Although most do not limit the number of trades, those who can manage risk know when to do more and when to do less.
Most people either listen to a so-called teacher or set the number of trades at will.
In fact, they don’t know how many traders are more suitable.
The number of trades, or position size, is directly related to returns.
The right posture should be based on the account’s capital position and risk tolerance.
Today, I’m going to share with you how many hands are appropriate for each transaction.
Before I INTRODUCE YOU, LET me CLARIFY SOME CONCEPTS, SUCH AS HAND, BIT, CONTRACT UNIT AND POINT.
Lot: unit of transaction quantity in.
In the trade, one hand represents 100,000.
In addition, there are mini, micro and nano hands.
Their sizes are 10000, 1000 and 100 bases, respectively.
For example, buying 0.01 means buying $1,000.
Position: The same position, represents the balance, can be divided into long position and short position.
A long position is a bullish buy and a short position is a bearish sell.
Trade hand number, position, position is a meaning.
Contract unit: The volume of a foreign exchange contract.
The contract unit for a foreign exchange contract is 100000 base currency.
For example, the contract unit of 1 is 100000, and the contract unit of 1/ is 100,000 pounds.
Dot (PIP) : used for accurate representation.
It is usually represented by five digits.
The smallest unit of change is a point (usually, the fourth decimal place represents a point).
When it represents the smallest unit of change in the exchange rate, which we often refer to.
The point spread is the difference between them.
For most currency pairs, such as euro/USD and pound/USD, the minimum change unit is 0.0001, but for some foreign exchange pairs, such as USD/JPY, the minimum change unit is 0.01.
How many hands per trade is reasonable?
We know that the number of trades is proportional to the potential return.
A light position may not yield much, but a heavy position is a worry, and a bad call can lead to serious losses.
For example, when you decide that EUR/USD is about to rise and are ready to buy, do you buy one or five lots?
Let’s start with the maximum and minimum number of trades.
For general, the minimum number of tradable hands is 0.01.
That’s quite a lot.
If you use a standard account, one hand represents $100,000 and 0.01 hands represent $1,000.
When you want to be more exciting, you can choose more hands, but the transaction amount cannot exceed the margin amount.
Some platforms will fix the number of trades that are optional.
Even if the platform does not limit, ordinary people would not dare to choose so many trading hands.
03 A more reasonable approach is to choose the number of trades according to the risk they can bear.

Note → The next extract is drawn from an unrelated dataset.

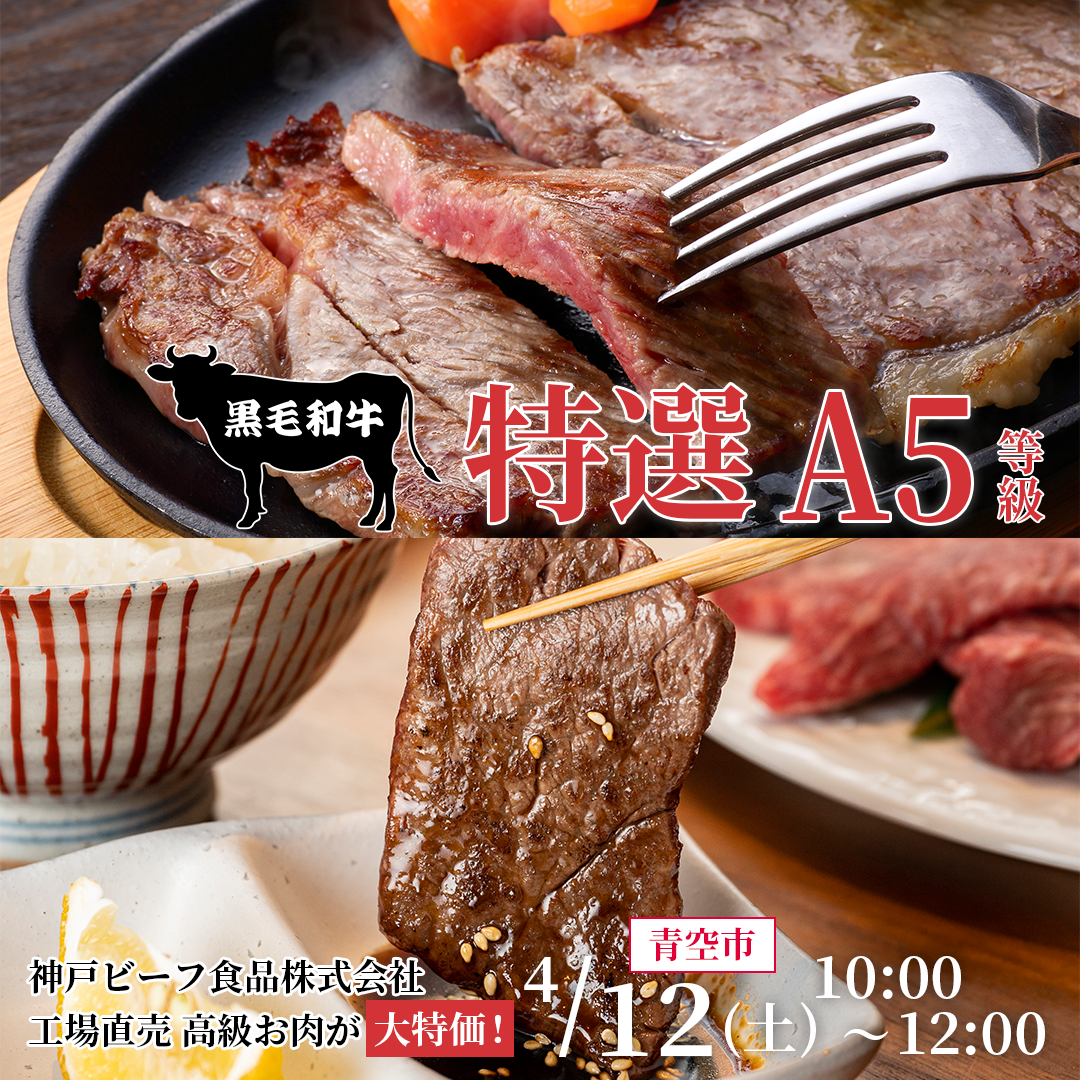 4月12日土曜日 10時から神戸ビーフ食品株式会社『青空市』開催します! 食べ方いろいろお好みで、特選 A5 黒毛和牛がおすすめです! Read More »

First, control the risk of a single trade.
The market recognizes that it can lose no more than 5 percent of its total capital on a single trade, leaving itself at least 20 trading opportunities.
Of course, you can also expand or reduce the risk of a single transaction according to your personality and risk tolerance.
We recommend that no more than 2 per cent of the account should be invested in each trade.
Calculate the maximum number of tradable trades based on the fact that a single trade does not exceed 2% of total funds.
Maximum number of trades available = Total profit *2% stop-loss price range.
For example, if you have $10,000 in your account, 2% of the total funds in your account is $200.
The maximum tolerable loss on the trade is $200, the stop loss price is set to 4 points (1 point is $10), and the maximum number of trades is 5 to reduce the risk of the position exploding.
If the position is profitable according to your expectations, you can also increase the position.
In homeopathic trading, you can use the pyramid method.
Each increase in interest is less than the last determined open interest, usually half of the previous open interest.
However, it should be noted that either a large position represents a large risk, depending mainly on capital losses.
For example, $10,000 of account capital can bear the risk, and 10000*2% of trading capital =200.
At this point, if the market shock is relatively strong, the need for a strong point spread.
You can build a position and take a 20 point loss!
When market shocks are relatively weak, you can build a 4-lot position and only take a 5-point loss.
Generally speaking, the number of trades is proportional to the potential return and risk.
The greater the number of trades, the higher the potential return and the greater the risk.
If you are just starting out, you can ignore the above method and start with the minimum number of hands.